*Required action*
Print the data exactly. Pictures stay out.

(Records drawn from a dataset)

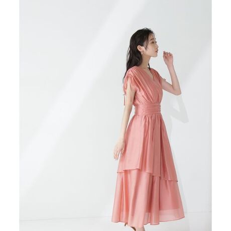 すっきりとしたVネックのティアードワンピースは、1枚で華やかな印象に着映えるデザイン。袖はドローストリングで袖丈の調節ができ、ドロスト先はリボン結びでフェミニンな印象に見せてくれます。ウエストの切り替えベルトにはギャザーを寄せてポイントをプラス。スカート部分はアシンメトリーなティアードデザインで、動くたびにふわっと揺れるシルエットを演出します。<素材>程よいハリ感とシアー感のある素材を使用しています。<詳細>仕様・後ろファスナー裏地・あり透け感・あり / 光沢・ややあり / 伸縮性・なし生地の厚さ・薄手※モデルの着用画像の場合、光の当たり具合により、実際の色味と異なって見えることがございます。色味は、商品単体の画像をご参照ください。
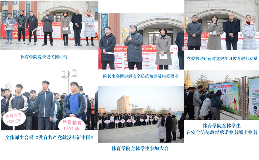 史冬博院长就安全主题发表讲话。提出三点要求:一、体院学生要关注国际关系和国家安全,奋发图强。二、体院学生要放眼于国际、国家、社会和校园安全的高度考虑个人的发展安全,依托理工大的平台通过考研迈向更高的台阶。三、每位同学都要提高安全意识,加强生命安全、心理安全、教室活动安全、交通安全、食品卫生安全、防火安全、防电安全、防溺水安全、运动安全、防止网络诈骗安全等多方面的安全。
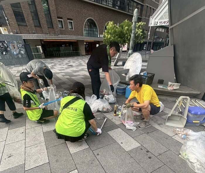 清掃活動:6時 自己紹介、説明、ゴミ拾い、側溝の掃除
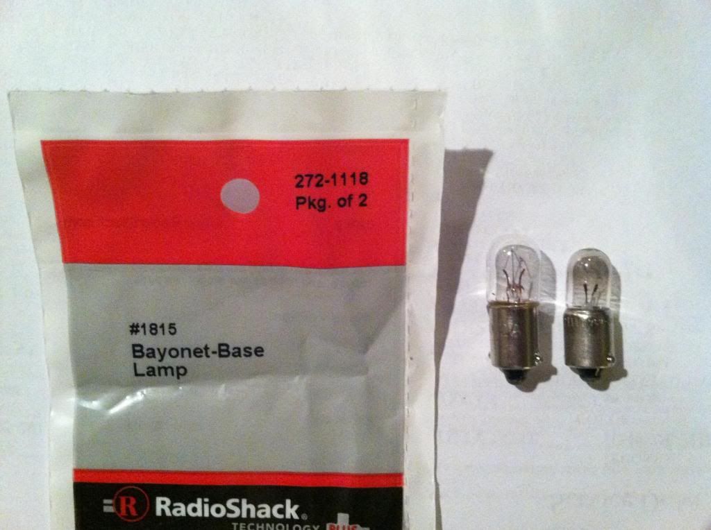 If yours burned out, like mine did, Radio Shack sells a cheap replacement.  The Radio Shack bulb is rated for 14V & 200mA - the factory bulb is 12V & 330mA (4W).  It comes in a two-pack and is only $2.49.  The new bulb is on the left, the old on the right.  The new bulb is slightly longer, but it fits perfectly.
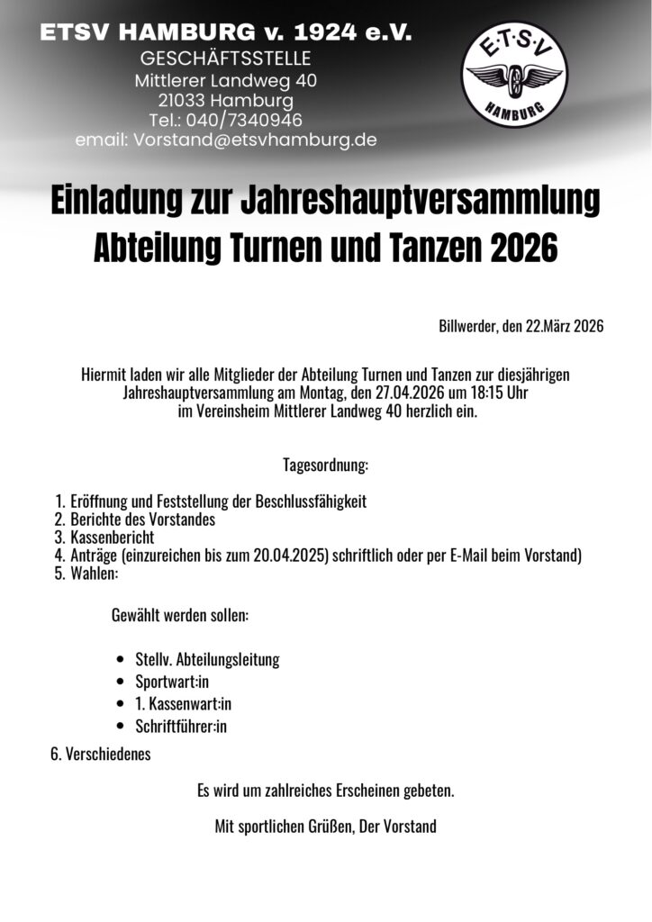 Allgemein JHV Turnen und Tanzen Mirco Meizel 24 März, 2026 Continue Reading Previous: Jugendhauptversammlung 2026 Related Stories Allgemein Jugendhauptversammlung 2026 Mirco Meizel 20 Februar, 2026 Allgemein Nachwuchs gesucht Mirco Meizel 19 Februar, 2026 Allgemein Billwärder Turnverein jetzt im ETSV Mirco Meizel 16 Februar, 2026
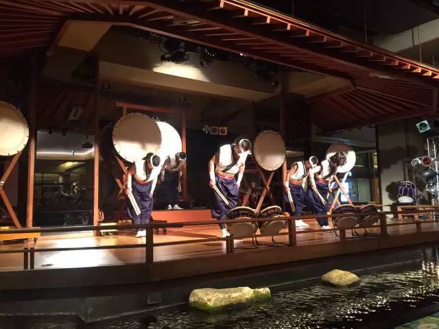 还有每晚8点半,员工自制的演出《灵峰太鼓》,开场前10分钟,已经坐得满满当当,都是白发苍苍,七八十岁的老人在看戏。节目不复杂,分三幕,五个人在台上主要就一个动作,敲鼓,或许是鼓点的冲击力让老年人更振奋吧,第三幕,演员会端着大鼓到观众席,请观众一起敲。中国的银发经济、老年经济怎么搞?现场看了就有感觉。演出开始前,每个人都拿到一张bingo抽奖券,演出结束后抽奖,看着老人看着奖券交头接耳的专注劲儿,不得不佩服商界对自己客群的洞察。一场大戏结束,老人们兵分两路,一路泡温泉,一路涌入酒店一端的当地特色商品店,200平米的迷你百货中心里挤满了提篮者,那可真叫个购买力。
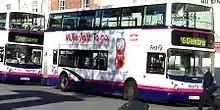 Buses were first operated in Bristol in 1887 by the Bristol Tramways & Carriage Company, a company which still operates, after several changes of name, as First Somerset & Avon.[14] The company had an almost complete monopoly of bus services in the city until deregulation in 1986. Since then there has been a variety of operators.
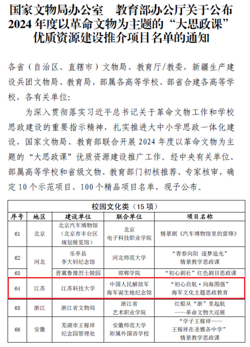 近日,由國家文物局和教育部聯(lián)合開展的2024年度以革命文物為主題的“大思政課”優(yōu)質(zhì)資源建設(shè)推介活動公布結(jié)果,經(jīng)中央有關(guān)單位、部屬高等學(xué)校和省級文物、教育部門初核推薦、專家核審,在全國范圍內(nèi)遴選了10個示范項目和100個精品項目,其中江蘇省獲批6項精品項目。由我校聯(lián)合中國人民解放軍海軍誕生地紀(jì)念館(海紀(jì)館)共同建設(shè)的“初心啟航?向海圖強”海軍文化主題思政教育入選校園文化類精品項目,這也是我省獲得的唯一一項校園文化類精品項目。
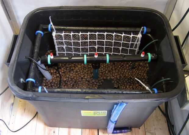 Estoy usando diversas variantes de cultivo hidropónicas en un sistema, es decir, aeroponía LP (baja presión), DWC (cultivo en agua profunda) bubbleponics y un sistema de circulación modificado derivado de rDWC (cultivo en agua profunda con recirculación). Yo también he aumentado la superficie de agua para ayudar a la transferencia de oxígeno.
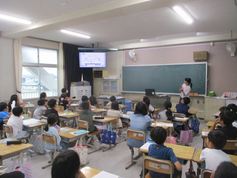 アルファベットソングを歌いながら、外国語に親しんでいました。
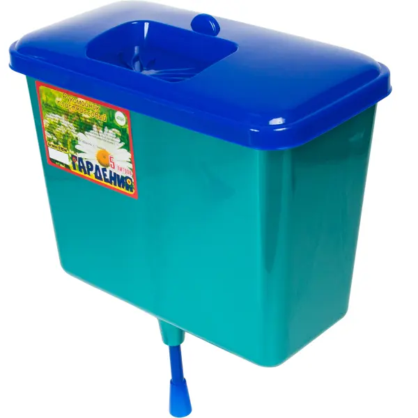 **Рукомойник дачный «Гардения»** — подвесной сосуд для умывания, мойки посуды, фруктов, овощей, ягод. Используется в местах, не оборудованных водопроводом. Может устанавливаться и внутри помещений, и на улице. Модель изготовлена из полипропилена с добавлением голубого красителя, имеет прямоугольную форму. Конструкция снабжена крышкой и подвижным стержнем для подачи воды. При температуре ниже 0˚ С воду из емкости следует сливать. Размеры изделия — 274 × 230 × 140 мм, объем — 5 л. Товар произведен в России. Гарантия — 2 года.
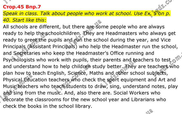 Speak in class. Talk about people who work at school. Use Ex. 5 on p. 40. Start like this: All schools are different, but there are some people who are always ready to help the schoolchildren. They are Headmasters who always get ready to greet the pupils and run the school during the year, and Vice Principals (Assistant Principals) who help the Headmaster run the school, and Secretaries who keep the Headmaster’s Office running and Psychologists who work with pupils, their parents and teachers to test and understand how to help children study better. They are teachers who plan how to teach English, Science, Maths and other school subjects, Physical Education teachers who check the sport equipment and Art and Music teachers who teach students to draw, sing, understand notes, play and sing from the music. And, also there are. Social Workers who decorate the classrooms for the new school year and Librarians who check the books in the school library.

*Solved exercise*
 すっきりとしたVネックのティアードワンピースは、1枚で華やかな印象に着映えるデザイン。袖はドローストリングで袖丈の調節ができ、ドロスト先はリボン結びでフェミニンな印象に見せてくれます。ウエストの切り替えベルトにはギャザーを寄せてポイントをプラス。スカート部分はアシンメトリーなティアードデザインで、動くたびにふわっと揺れるシルエットを演出します。<素材>程よいハリ感とシアー感のある素材を使用しています。<詳細>仕様・後ろファスナー裏地・あり透け感・あり / 光沢・ややあり / 伸縮性・なし生地の厚さ・薄手※モデルの着用画像の場合、光の当たり具合により、実際の色味と異なって見えることがございます。色味は、商品単体の画像をご参照ください。
 史冬博院长就安全主题发表讲话。提出三点要求:一、体院学生要关注国际关系和国家安全,奋发图强。二、体院学生要放眼于国际、国家、社会和校园安全的高度考虑个人的发展安全,依托理工大的平台通过考研迈向更高的台阶。三、每位同学都要提高安全意识,加强生命安全、心理安全、教室活动安全、交通安全、食品卫生安全、防火安全、防电安全、防溺水安全、运动安全、防止网络诈骗安全等多方面的安全。
 清掃活動:6時 自己紹介、説明、ゴミ拾い、側溝の掃除
 If yours burned out, like mine did, Radio Shack sells a cheap replacement.  The Radio Shack bulb is rated for 14V & 200mA - the factory bulb is 12V & 330mA (4W).  It comes in a two-pack and is only $2.49.  The new bulb is on the left, the old on the right.  The new bulb is slightly longer, but it fits perfectly.
 Allgemein JHV Turnen und Tanzen Mirco Meizel 24 März, 2026 Continue Reading Previous: Jugendhauptversammlung 2026 Related Stories Allgemein Jugendhauptversammlung 2026 Mirco Meizel 20 Februar, 2026 Allgemein Nachwuchs gesucht Mirco Meizel 19 Februar, 2026 Allgemein Billwärder Turnverein jetzt im ETSV Mirco Meizel 16 Februar, 2026
 还有每晚8点半,员工自制的演出《灵峰太鼓》,开场前10分钟,已经坐得满满当当,都是白发苍苍,七八十岁的老人在看戏。节目不复杂,分三幕,五个人在台上主要就一个动作,敲鼓,或许是鼓点的冲击力让老年人更振奋吧,第三幕,演员会端着大鼓到观众席,请观众一起敲。中国的银发经济、老年经济怎么搞?现场看了就有感觉。演出开始前,每个人都拿到一张bingo抽奖券,演出结束后抽奖,看着老人看着奖券交头接耳的专注劲儿,不得不佩服商界对自己客群的洞察。一场大戏结束,老人们兵分两路,一路泡温泉,一路涌入酒店一端的当地特色商品店,200平米的迷你百货中心里挤满了提篮者,那可真叫个购买力。
 Buses were first operated in Bristol in 1887 by the Bristol Tramways & Carriage Company, a company which still operates, after several changes of name, as First Somerset & Avon.[14] The company had an almost complete monopoly of bus services in the city until deregulation in 1986. Since then there has been a variety of operators.
 近日,由國家文物局和教育部聯(lián)合開展的2024年度以革命文物為主題的“大思政課”優(yōu)質(zhì)資源建設(shè)推介活動公布結(jié)果,經(jīng)中央有關(guān)單位、部屬高等學(xué)校和省級文物、教育部門初核推薦、專家核審,在全國范圍內(nèi)遴選了10個示范項目和100個精品項目,其中江蘇省獲批6項精品項目。由我校聯(lián)合中國人民解放軍海軍誕生地紀(jì)念館(海紀(jì)館)共同建設(shè)的“初心啟航?向海圖強”海軍文化主題思政教育入選校園文化類精品項目,這也是我省獲得的唯一一項校園文化類精品項目。
 Estoy usando diversas variantes de cultivo hidropónicas en un sistema, es decir, aeroponía LP (baja presión), DWC (cultivo en agua profunda) bubbleponics y un sistema de circulación modificado derivado de rDWC (cultivo en agua profunda con recirculación). Yo también he aumentado la superficie de agua para ayudar a la transferencia de oxígeno.
 アルファベットソングを歌いながら、外国語に親しんでいました。
 **Рукомойник дачный «Гардения»** — подвесной сосуд для умывания, мойки посуды, фруктов, овощей, ягод. Используется в местах, не оборудованных водопроводом. Может устанавливаться и внутри помещений, и на улице. Модель изготовлена из полипропилена с добавлением голубого красителя, имеет прямоугольную форму. Конструкция снабжена крышкой и подвижным стержнем для подачи воды. При температуре ниже 0˚ С воду из емкости следует сливать. Размеры изделия — 274 × 230 × 140 мм, объем — 5 л. Товар произведен в России. Гарантия — 2 года.
 Speak in class. Talk about people who work at school. Use Ex. 5 on p. 40. Start like this: All schools are different, but there are some people who are always ready to help the schoolchildren. They are Headmasters who always get ready to greet the pupils and run the school during the year, and Vice Principals (Assistant Principals) who help the Headmaster run the school, and Secretaries who keep the Headmaster’s Office running and Psychologists who work with pupils, their parents and teachers to test and understand how to help children study better. They are teachers who plan how to teach English, Science, Maths and other school subjects, Physical Education teachers who check the sport equipment and Art and Music teachers who teach students to draw, sing, understand notes, play and sing from the music. And, also there are. Social Workers who decorate the classrooms for the new school year and Librarians who check the books in the school library.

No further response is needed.